Opinion|Videos|February 9, 2026

Expanding Role of Low-Intensity Frontline Therapy for AML and Limitations for Mutation Subsets

This discussion provides a comprehensive synthesis of how the PARADIGM study and related work may reshape frontline AML treatment, while emphasizing that intensive chemotherapy will remain necessary for certain biologically defined groups.

This discussion provides a comprehensive synthesis of how the PARADIGM study and related work may reshape frontline AML treatment, while emphasizing that intensive chemotherapy will remain necessary for certain biologically defined groups. The panel acknowledges that PARADIGM is generating significant enthusiasm by demonstrating that azacitidine–venetoclax can provide robust remission outcomes in selected newly diagnosed patients with AML, potentially expanding its frontline role into younger and fitter populations.

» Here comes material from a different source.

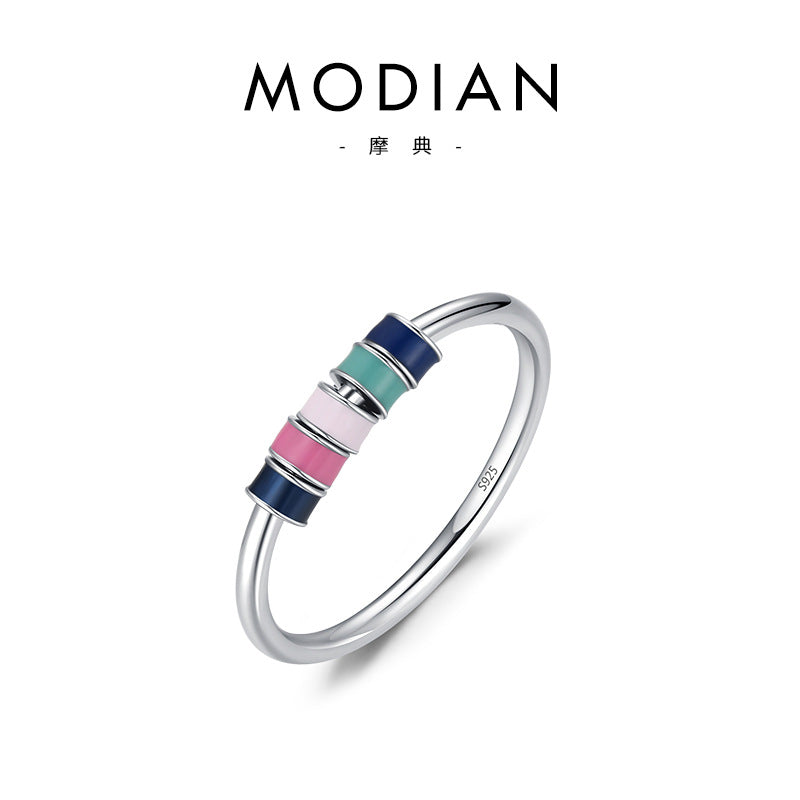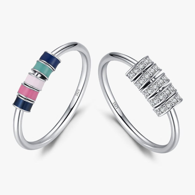 INS Style Rainbow Epoxy Inlay Zircon Sterling Silver Rings

However, the experts stress that these findings cannot be universally applied. FLT3-mutated AML remains a clear domain where intensive therapy paired with FLT3 inhibitors provides the strongest evidence-based outcomes. Similarly, KMT2A-rearranged leukemia, NPM1-mutated AML, and CBF leukemias were not part of PARADIGM and require distinct therapeutic strategies. The panel reiterates that mutation biology rather than age alone remains the primary determinant of optimal induction intensity.

The discussion then broadens to the future role of triplet regimens. As venetoclax-based therapies demonstrate excellent tolerability and low early mortality, the possibility of safely adding a third agent has become increasingly compelling. Younger patients, with greater physiological reserve, may be ideal candidates for early adoption of triplets, particularly where targeted agents can be matched to a driver mutation. The panel anticipates that future studies may compare intensive chemo-based triplets with venetoclax-based triplets, a sign of how rapidly the field is evolving.

Despite this momentum, the clinicians emphasize that core principles remain unchanged: curative-intent therapy must not be compromised. Intensive chemotherapy is still the proven standard for CBF AML, NPM1/normal karyotype AML, and some younger patients with proliferative disease.

The modern AML landscape is one of expanding possibilities but persistent nuance, an environment where molecular detail and patient-specific considerations drive optimal frontline treatment.